Many have been shot, sometimes fatally, by security forces, while others have been tortured by Egyptian and Sudanese human traffickers, according to human rights groups.
Gerry Simpson, a researcher at Human Rights Watch (HRW), said that Sunday’s “tragic killings are nothing new”.
“Egypt has a record of shooting unarmed sub-Saharan African refugees as they approach Israel’s border,” he told Al Jazeera.
“We call on Egypt to end this policy of shooting unarmed [refugees] and investigate those who are responsible for these deaths.”
‘Rape, burning and mutilation’
But security forces are not the only threat faced by those passing through the Sinai. In a February 2014 report, HRW documented systematic abuse by human traffickers.
The report said that “Egyptian traffickers have tortured Eritreans for ransom in the Sinai Peninsula, including through rape, burning, and mutilation.”
Mutasim Ali, director of the Tel Aviv-based African Refugee Development Center (ARDC), made the month-long journey from Darfur to Israel in 2009.
“These killings don’t surprise me,” he told Al Jazeera regarding Sunday’s deadly incident. “It happens a lot.”
“It is not so different than refugees crossing the Mediterranean Sea,” Ali added. “People risk their lives with the hope to survive.”
Since refugees and asylum seekers began coming to Israel in 2005, their numbers have swelled to an estimated 45,000.
Yet, Israel rarely grants asylum to those who request it, instead classifying them as economic migrants and trying to “coerce” them into leaving the country, according to a September 2014 HRW report.
Once in Israel, asylum seekers do not face the “systematic physical attacks”, according to Ali.
But they can be detained for lengthy periods and “are subjected to incitement, hatred and racism on a daily basis”, he added.
Israel recently started forcibly deporting Eritrean and Sudanese asylum seekers to Uganda and Rwanda.
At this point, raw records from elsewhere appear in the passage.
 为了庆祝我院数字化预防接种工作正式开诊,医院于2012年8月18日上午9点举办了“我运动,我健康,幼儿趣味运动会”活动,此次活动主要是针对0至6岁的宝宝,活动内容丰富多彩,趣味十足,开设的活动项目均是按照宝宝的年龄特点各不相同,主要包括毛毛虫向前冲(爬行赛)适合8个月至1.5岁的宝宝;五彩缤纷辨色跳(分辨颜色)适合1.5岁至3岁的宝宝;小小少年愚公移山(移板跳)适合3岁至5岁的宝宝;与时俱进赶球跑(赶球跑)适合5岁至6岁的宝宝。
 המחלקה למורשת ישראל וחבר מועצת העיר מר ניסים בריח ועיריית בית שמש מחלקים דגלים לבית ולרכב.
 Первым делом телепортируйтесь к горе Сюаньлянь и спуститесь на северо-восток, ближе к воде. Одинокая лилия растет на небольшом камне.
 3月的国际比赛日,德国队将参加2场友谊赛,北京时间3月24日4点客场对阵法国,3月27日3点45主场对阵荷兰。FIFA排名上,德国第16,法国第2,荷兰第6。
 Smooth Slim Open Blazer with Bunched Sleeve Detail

In the country’s Negev region, Israeli authorities can hold any Eritrean or Sudanese male asylum seeker without charges in the Holot detention centre for up to one year .
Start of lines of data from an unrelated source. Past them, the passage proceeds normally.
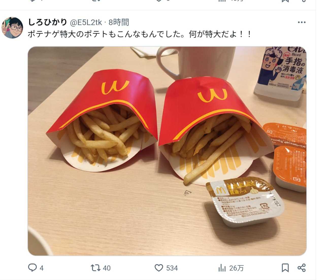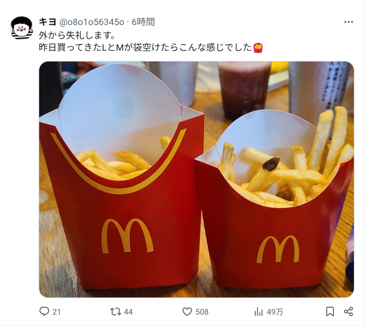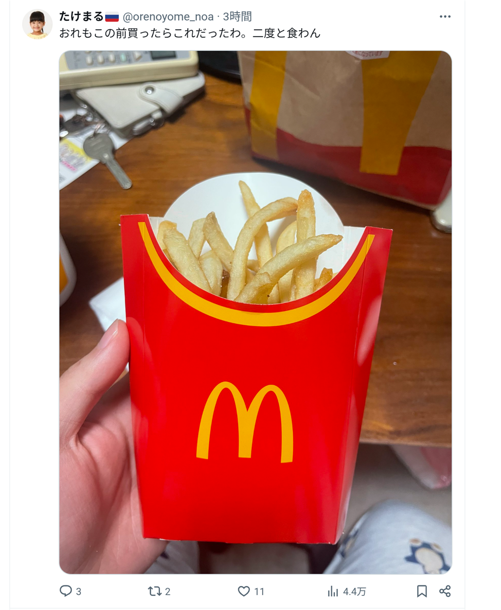【悲報】マクドナルドのポテト、なんかバレはじめる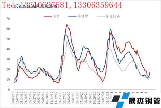 如上圖所示,2020年1月23日省會(huì)南京市場庫存占全省現(xiàn)貨庫存的21%左右,屬全年較低水平;而4月9日前后基本占全省庫存的41%;20年上半年南京市場庫存均保持較高水平,而下半年開始庫存便逐漸走低,蘇錫常庫存累庫增加。2021年1月8日南京庫存占全省庫存的24%,從4月初開始到本年度結(jié)束,南京庫存占比基本維持在40-42%左右,11月5日占比最高達(dá)到年度最高值,約50/%。2021年全年,南京市場庫存均保持較高水平,僅在年初階段,蘇錫??値齑媛愿哂谀暇?。整體來看,今年南京市場現(xiàn)貨資源一直處于相對(duì)充裕的狀態(tài),且部分無縫厚壁鋼管廠家?guī)齑媲耙埔彩潜WC該市場建材供給較為穩(wěn)定的重要因素,而徐通揚(yáng)泰區(qū)域則因價(jià)格波幅巨大,市場參與者主動(dòng)囤貨意愿不高,全年庫存相較去年小幅減量。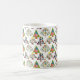 Diese Tasse hat ein modernes Design von Weihnachtsbäumen in verschiedenen Stilen. Eine hat ein Gitter mit Rechtecken mit innen liegenden Sternexplosionen. Ein anderer hat abgerundete Rechtecke mit kleineren Rechtecken im Inneren. Ein Drittel hat gekrümmte Linien mit Sternen. Der letzte Baum ist ein Dreieck mit anderen kleineren Dreiecken im Inneren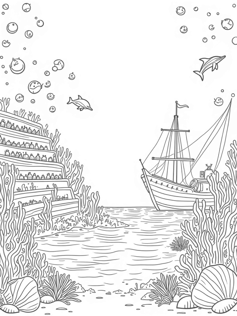 Look up, and you’ll see bubbles rising in spirals, each one holding its own tiny ocean scene. What do you think is inside? Maybe a little crab having a party or a turtle taking a nap! And in the background, there's a sunken ship covered in vibrant anemones, with curious starfish peeking out, all eyes on the dolphins.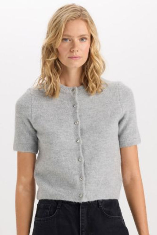 Regular Fit Bisiklet Yaka Basic Duz Dugmeli K?sa Kollu Triko H?rka
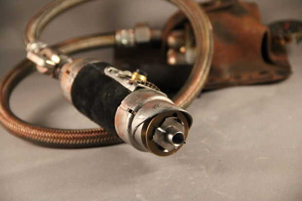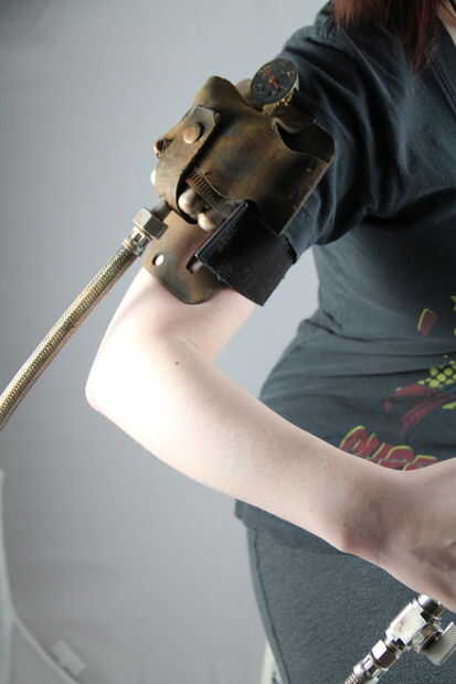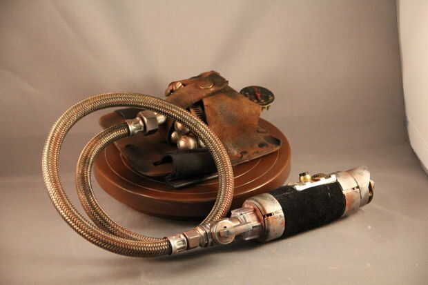 que quería hacer un sable de luz única. algo que aún no todo el mundo conoce. Tengo mi inspiración de la lectura de algunos de los viejos libros de star wars. Hay conversaciones de sables de luz que se hicieron originalmente con fuentes de alimentación independiente generalmente describir algo como un paquete energía trasera fuente o scuba tanque tipo de cosas... Pensé que sería kool para ver una fuente de energía más pequeña que se encuentra en el brazo en lugar de la parte posterior. Creo que la estética de todo trabajo realmente bien. quería que todo se sienta más viejo y usado, como ha visto unos pocos años de la batalla de la mano de un experimentado jedi. sostiene en el brazo muy bien y es realmente bastante cómodo de sostener. Aquí hay algunas fotos de la espada final, así como un brazo de los modelos. la construcción entera tomó unas semanas de búsqueda de las piezas adecuadas. piezas de metal en su mayoría de otras cosas. el peso total de este sable es de alrededor de 2 libras. ese peso realmente hace el saber auténtico.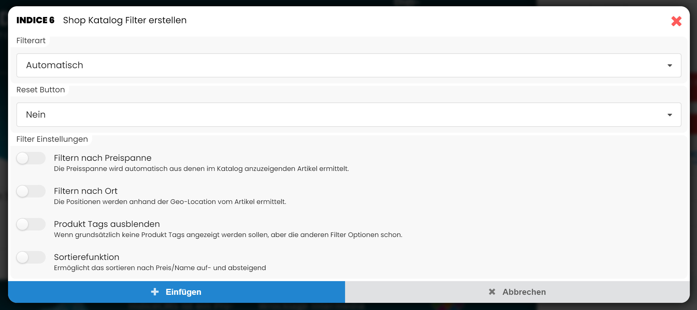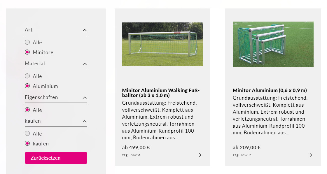 Beispiel des angewendeten Shopkatalog-Filters nach Marke und Produktart.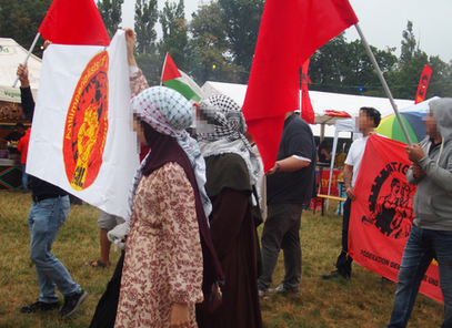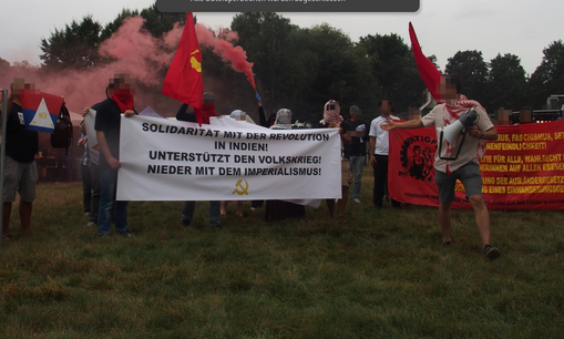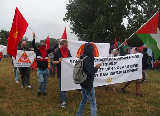 Mit einem Demonstrationszug in Solidarität mit der Revolution in Indien zogen Unterstützer der Roten Fahne, Aktivisten der Palästinasolidarität sowie auch Besucher und andere Initiativen und Organisationen durch die Initiativenstraße des Volksstimmefestes und stellten den proletarischen Internationalismus ins Zentrum.

Ali pointed to former Israeli Public Security Minister Gilad Erdan, who back in August speculated that the Islamic State of Iraq and the Levant (ISIL) could potentially recruit asylum seekers to carry out attacks in Israel.
“It is not unrealistic that [ISIL] and other terrorist groups operating in Sinai would take advantage of [the migrants’] distress to recruit them,” Erdan said at the time.
Ali said comments like this “are racial incitement”.